Rien ne va plus entre la Rega et ses concurrents valaisans. Les relations entre le service suisse de secours aérien et les compagnies Air Zermatt et Air Glaciers sont tendues depuis des années. Le différend porte sur des contrats de missions de sauvetage – les montants en jeu sont donc considérables.
Aujourd’hui, le conflit qui oppose Air-Glaciers à la Rega atteint un nouveau degré d’escalade: Air-Glaciers porte de graves accusations contre son grand concurrent, comme le rapporte le «Walliser Bote». Selon ce journal, la Rega aurait menacé de priver à l’avenir l’entreprise valaisanne de missions. Le journal s’appuie sur une lettre adressée au conseil de fondation de la Rega par Philipp Perren, président du conseil d’administration d’Air-Glaciers, et Bernard Vogel, PDG de l’entreprise.
Les «tentatives de pression» doivent cesser
Les allégations se précisent: la Rega aurait exigé d’Air-Glaciers qu’elle se fasse désormais mobiliser dans le canton de Lucerne via la centrale d’intervention privée de la Rega (1414) plutôt que via la centrale d’appel d’urgence cantonale 144. En cas de refus, la Rega aurait menacé de suspendre toute mission pour Air-Glaciers.
La Rega aurait également menacé de déployer des hélicoptères supplémentaires dans les régions concernées. La véracité de ces informations n'a pas pu être vérifiée de manière indépendante.
Pour Philipp Perren et Bernard Vogel, cela soulève «de sérieuses questions juridiques, voire pénales», cite le «Walliser Bote» dans sa lettre. Pour une organisation comme la Rega, qui se définit comme d’utilité publique, une telle démarche est «extrêmement préoccupante». Dans leur lettre, ils demandent au conseil de fondation de mettre un terme à ces «tentatives de pression».
«Chaque minute peut être décisive»
Air-Glaciers va-t-elle désormais engager une action en justice contre la Rega? Interrogée par Blick, l’entreprise n’a pas souhaité s’exprimer à ce sujet. Un porte-parole a toutefois déclaré: «Pour l’instant, notre priorité est de clarifier les questions soulevées avec les instances compétentes et de veiller à ce que les patients puissent continuer à bénéficier le plus rapidement possible du moyen de sauvetage approprié.»
Si la Rega mettait ses menaces à exécution, le risque existerait que, en cas d’urgence, l’hélicoptère de secours le plus proche ne soit plus mobilisé. «Cela pourrait entraîner des temps d’approche plus longs. Dans le domaine des secours, chaque minute peut être décisive», souligne le porte-parole d’Air-Glaciers. Et d’ajouter: «Il est essentiel que la répartition des moyens de secours se fasse de manière neutre.»

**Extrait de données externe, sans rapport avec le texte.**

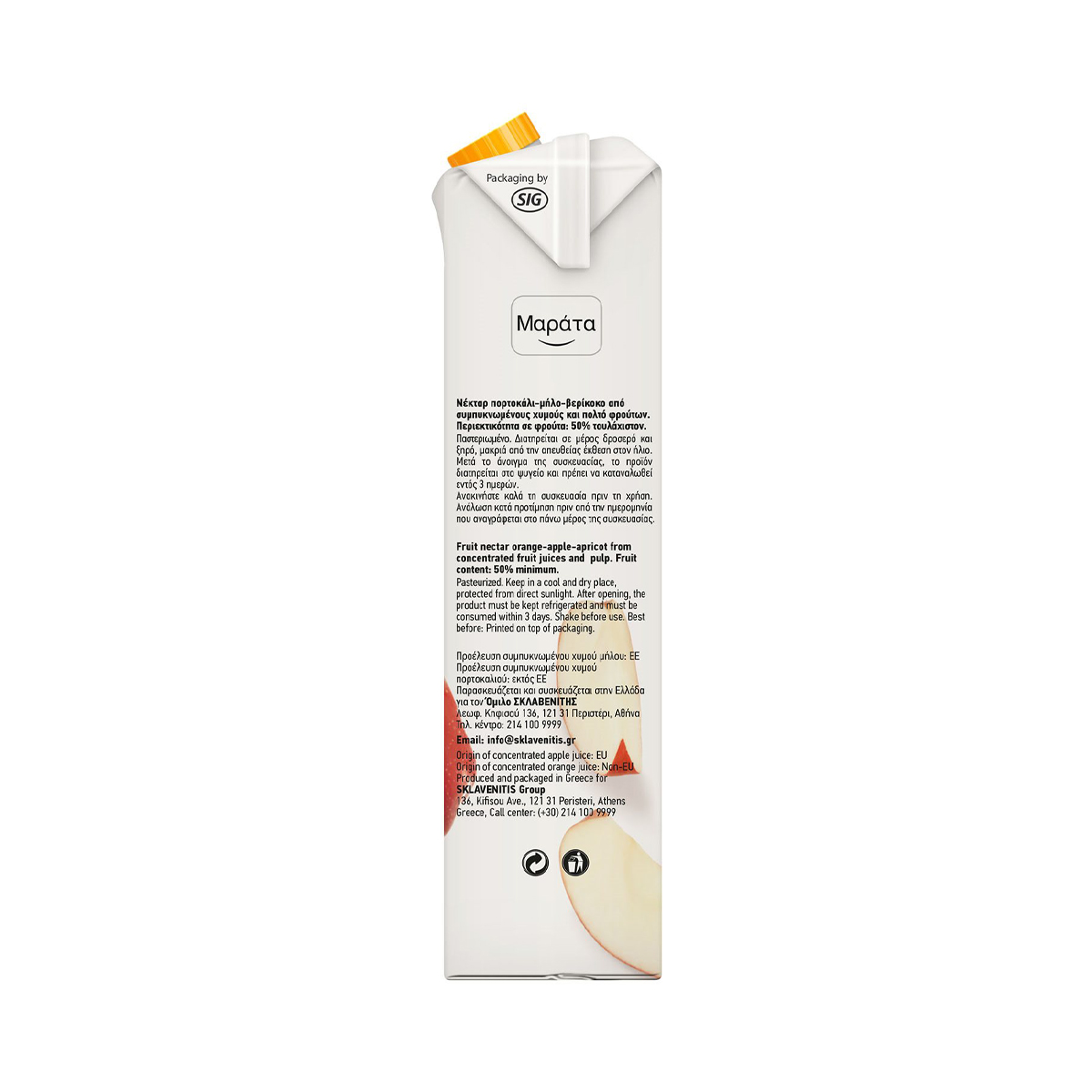 Απολαύστε το χυμό Μαράτα με υπέροχη γεύση πορτοκάλι, μήλο και βερίκοκο.

Et que répond la Rega à ces accusations? Interrogée par Blick, l’organisation parle d’«accusations sans fondement». Elle ne prend pas position à ce sujet. «La mobilisation des moyens de sauvetage aérien par la Rega s’effectue systématiquement dans l’intérêt des patients concernés et en tenant compte du dispositif global», souligne un porte-parole.
Un conflit qui dure depuis des années
Le différend actuel n'est que le dernier épisode d'un conflit latent qui dure depuis des années. Celui-ci trouve son origine dans une décision prise fin 2022. A l’époque, Air Zermatt et Air-Glaciers, qui collaborent étroitement depuis six ans, avaient remporté le mandat cantonal de sauvetage aérien.
La Rega, qui était également candidate, était repartie les mains vides. Refusant d'accepter cette décision, la Rega a déposé un recours auprès du Conseil d’Etat valaisan. Depuis mai 2025, l’affaire est entre les mains du Tribunal cantonal.
Depuis, la question de savoir qui appelle quel hélicoptère et à quel moment est devenue la source majeure du conflit. La Rega exploite sa propre base à Sion depuis 2022, mais elle n'est officiellement autorisée à effectuer, depuis ce site, que des interventions en dehors du Valais. Sauf si l’organisation cantonale de sauvetage compétente fait explicitement appel à la Rega.
Au printemps dernier encore, une intervention a engendré le conflit entre les services de secours aériens: une Genevoise blessée a dû attendre plus d’une heure un hélicoptère valaisan après un accident de ski à Verbier (VS). De son côté, la Rega avait informé qu'un de ses hélicoptères aurait été disponible en seulement cinq minutes.